Monday, December 19, 2011

Credit Score Factors

Credit Score Factors

Although a credit score is one three-digit number, it is calculated using five separate factors. Fair Isaac Corp. has developed a formula that uses certain information from credit reports to determine this number, which is used by lenders and financial institutions to rate your creditworthiness. You should know the five factors and how much weight each one carries so you can improve your credit score or maintain it if you have a good one.

Payments

    The payments made on credit cards and installment loans have the biggest effect on your credit score. Fair Isaac Corp. (FICO) says this factor counts for 35 percent of your credit score. Several factors related to your payment history are taken into account. This part of your credit scare is based on whether you make payments on time, how late you make them or whether you skip some payments entirely.

Balances

    FICO states that the amount you owe on various credit cards and loans is the second biggest factor affecting your credit score.

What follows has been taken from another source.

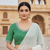 Voyage through the world of fashion by wearing this delicate look from Paaie. The Green blouse is handcrafted in pure handwoven tusser silk base with a flattering round neckline and short sleeves above elbow. The neckline and sleeves are accentuated with hand embroidery in silver. Style this with chunky earrings, juttis and a small handbag.

If you have several accounts with high balances, this will have a negative effect. Smaller balances in good proportion to your income will make a positive impact. The account types also play a role, depending on the proportion of installment loans, credit cards and other accounts on which you carry a balance. Thirty percent of your credit score is based on this information.

History Length

    Your credit history accounts for 15 percent of your credit score. The longer you have had credit accounts paid promptly, the more this factor will affect your credit score positively. If you are starting out and have only one or two accounts, this will keep your score down until you establish a more lengthy history.

Account Types

    Your credit account types factor in your credit score at 10 percent. FICO says that the variety of accounts, including installment loans, home loans, credit cards, store cards and other types of credit, influence your score. A balanced mix has the most positive effect.

New Accounts

    The age of your loans and credit accounts also play a role. FICO says it accounts for 10 percent of the score. Your credit score can suffer if you have recently opened a large number of new accounts. This could indicate potential financial need or problems.